I look back at the Castle a lot, don't I?
So where does the number 17 tram end?  I decided to find out. It goes north around Josefov, the old Jewish quarter then crosses the river to the northern part of town called Holovice.  I hadn't been to this section before but I found it interesting.  At the very end of the tram is what looked like a late19th century exhibition space.  The centerpiece is the Kzizikova Fontana, a series of water jets illuminated by arc lamps.  The inventor of arc-lamp technology was "The Czech Edison" ,F. Kzizik.
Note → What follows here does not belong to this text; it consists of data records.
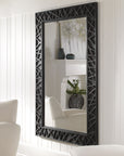 Sure To Make A Statement In Any Space, This Oversized Mirror Sports A Wood Frame With Raised Geometric Details, Finished In A Satin Black. Mirror Has A Generous 1 1/4" Bevel And May Be Hung Horizontal Or Vertical.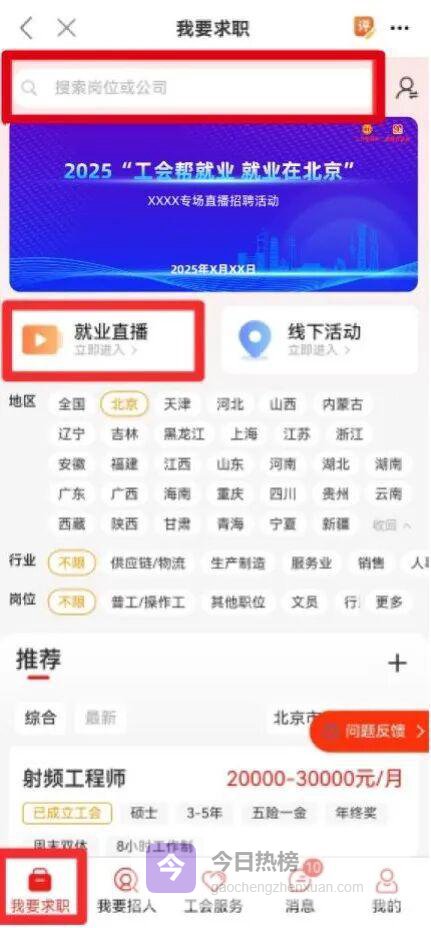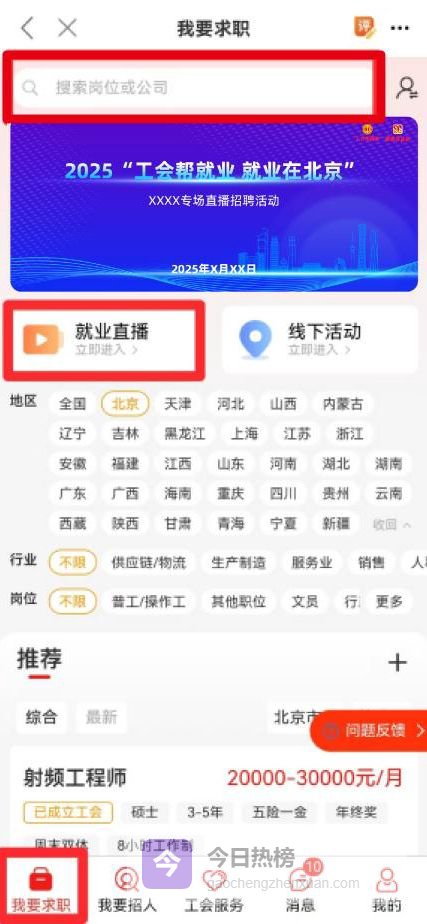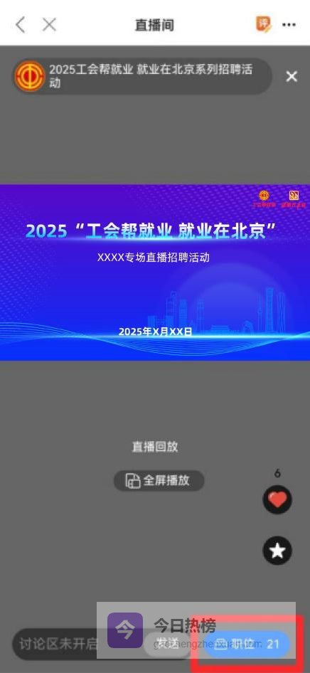 直播页面,点击右下角【职位】,选取本场适合职位进行简历投递;或点击【直播招聘】选择对应直播专场,点击右下角【查看岗位】,进行心仪职位投递;也可以直接“搜索岗位或公司”进行简历投递。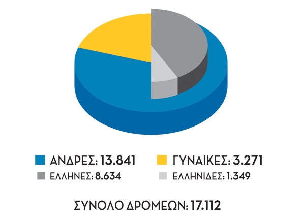 Ο 34ος Αυθεντικός Μαραθώνιος Αθήνας με αριθμούς Γραφικές αναπαραστάσεις για την αναλογία ανδρών – γυναικών και Ελλήνων και ξένων δρομέων στον Μαραθώνιο, τις χώρες απ’ όπου προέρχονται οι φετινοί συμμετέχοντες καθώς και τον αριθμό ανά ηλικιακή κατηγορία. 12 Οκτωβρίου 2017 του Runner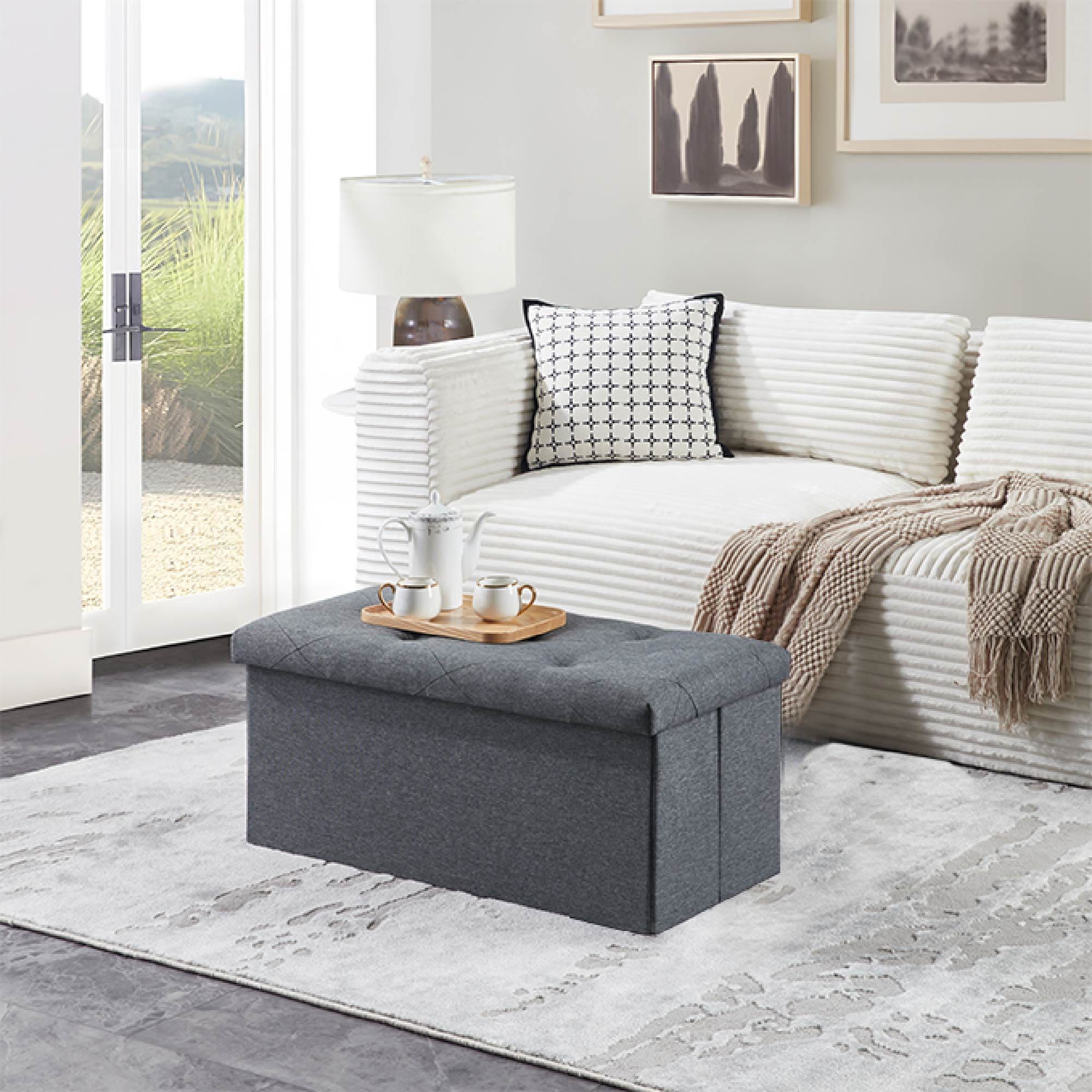 3. "[Premium Comfort & Style]": "Padded with thick sponge and wrapped in soft Linen fabric for a cozy seat, paired with sleek gray tones to match any decor. Traditional-style tufts create a unique fascination, making this folding storage bench an real eye-catcher no matter where it is placed."

The street where I stayed was named after him.  I'd been curious about that name for a week.

Last morning in Prague:

Took the metro one stop past the train station to The Muzeum at the top of Vaclavske Namesti to say goodbye to this fantastic city.

The Muzeum Narodni dominates the view of the top of the "square" but I've never visited it.  It's mostly a natural history museum and there are many more intresting museums to see that I also haven't visited.  



Looking north from the Muzeum toward the hlavni nadrazi (main train station).
Walking toward the nadrazi.  This is the modern entrance to the grand old station.  You enter and walk under a large boulevard and you are in a grand shopping mall/terminal that rivals the commercial areas in large airports.

After getting my ticket northbound I explored some of the older parts of the station. 



Then took a look at the tracks northbound and south.  

 
I went back down below and walked underground to pop up at the appropriate platform, boarded my train and left the city of a thousand spires.